SciDB is available under the GPL3 free software license, and may be downloaded on application to the SciDB team. According to the authors, more customary use of open source repositories is likely to follow soon.

Send us news

Email us news, tips and interesting tidbits at strataweek@oreilly.com.

tags: , , , , , ,
  • http://twitter.com/MarketingCMI AFT

    Unfortunately this isn’t new information as I learned this back in the late 90′s in Geomatics class at Rutgers (crssa.rutgers.edu). Julia Grace should take a look at what ESRI (esri.com)has been up to all these years.
    There are very real reasons why data is displayed in the three types of graphs. Most people don’t know how to do anything else. How many people slept through stats class in college?
    How many business managers will pay for the time it takes to translate data into useable formats for 3D? How many pay for clean data for 2D formats?
    Everyone likes pretty data. It would have been nice to see her recommendations for actually implementing this in the workplace or at least listing the reasons why it hasn’t been implemented thus far.

  • http://nz.linkedin.com/in/drllau drllau

    See Visualisation Toolkit (VTK http://www.vtk.org).

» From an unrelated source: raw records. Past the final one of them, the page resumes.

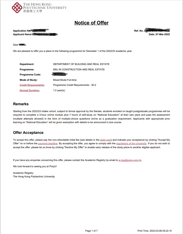 录取国家/地区:中国香港
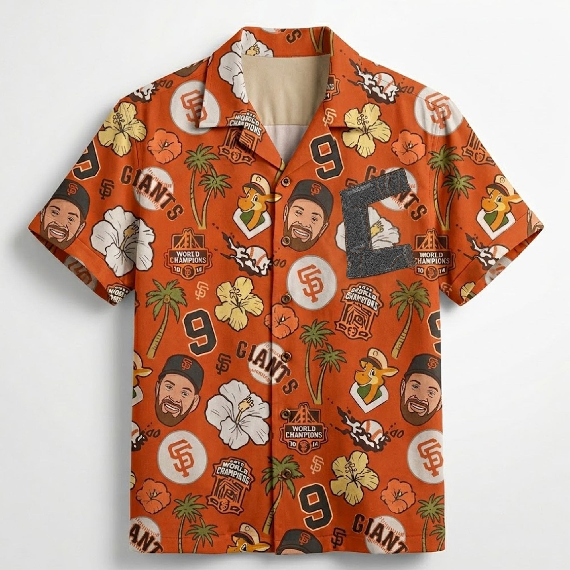 This vibrant orange Hawaiian shirt is fully loaded with custom artwork honoring #9. The all-over print features iconic tributes to Brandon Belt’s legendary career by the bay, including:
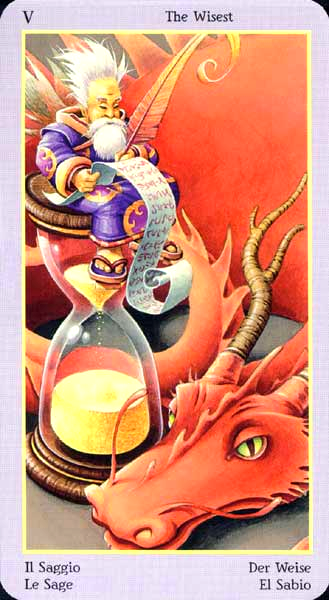 The Hermit shuts out the world and retreats into solitude to better understand some spiritual aspect of life. He opens to the cosmos and lets it's wisdom sink in. Hermits are often seen as wise old men who can guide a traveller along a journey.
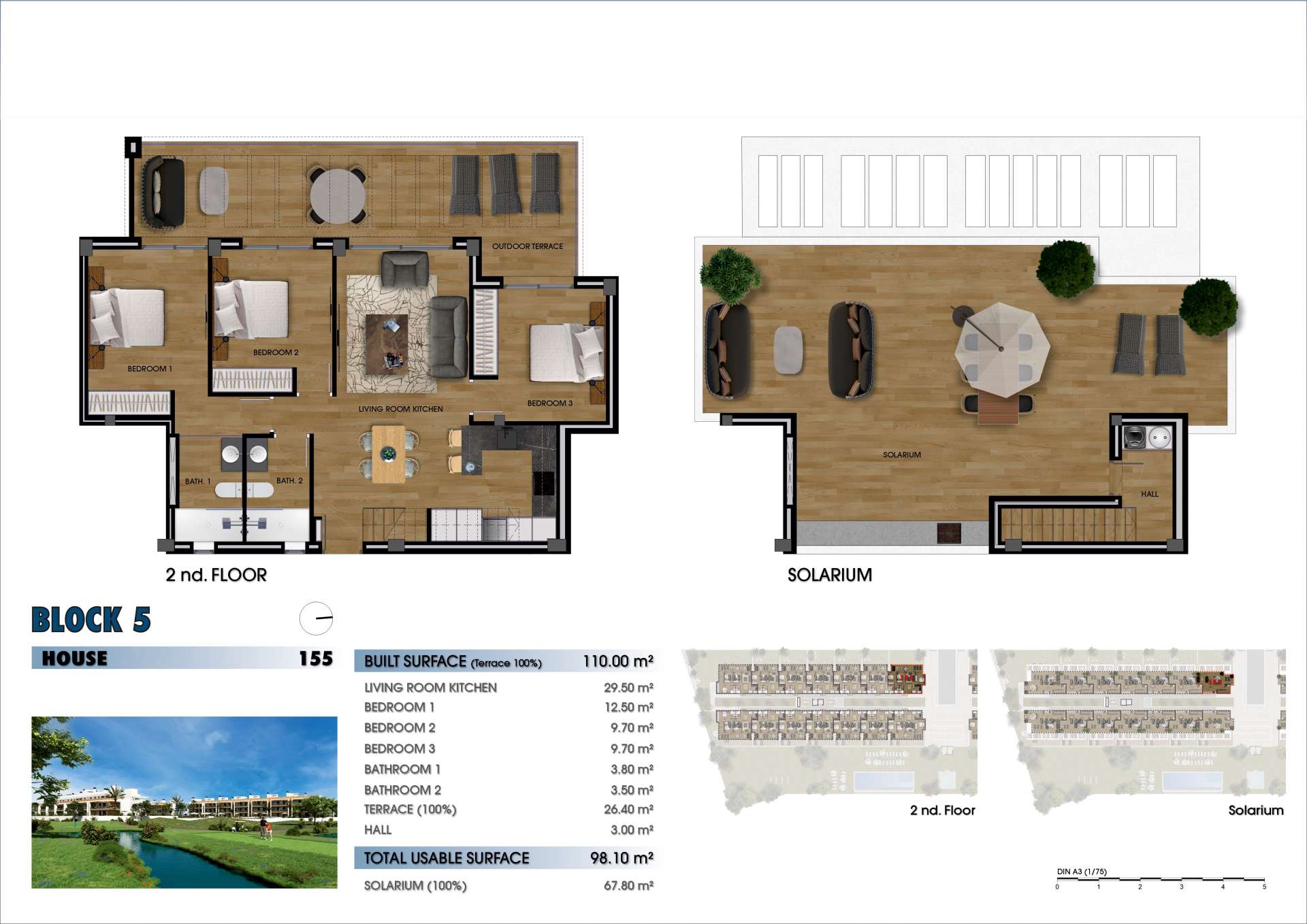 The interiors of the flats in the residential complex near La Serena Golf are designed to maximise comfort and functionality. The ground floor flats offer direct access to the private gardens, while those on the first floor feature terraces and solariums that extend the outdoor living space. Each flat includes a modern kitchen, spacious living rooms and bedrooms, as well as two fully equipped bathrooms. The top floor corner flats have three bedrooms, offering more space and comfort for families. All flats are equipped with high quality finishes and pre-installation for air conditioning.

IBM dataExplorer is also pretty neat (http://www.research.ibm.com/dx/). And read any of Tufte’s books (http://en.wikipedia.org/wiki/Edward_Tufte. )But I was told that the bulk of time/effort is actually cleaning up the datasets rather then rendering them.

  • http://www.fax.com anonymous

    It makes total sense that she works for IBM Research, clearly a leader in this field.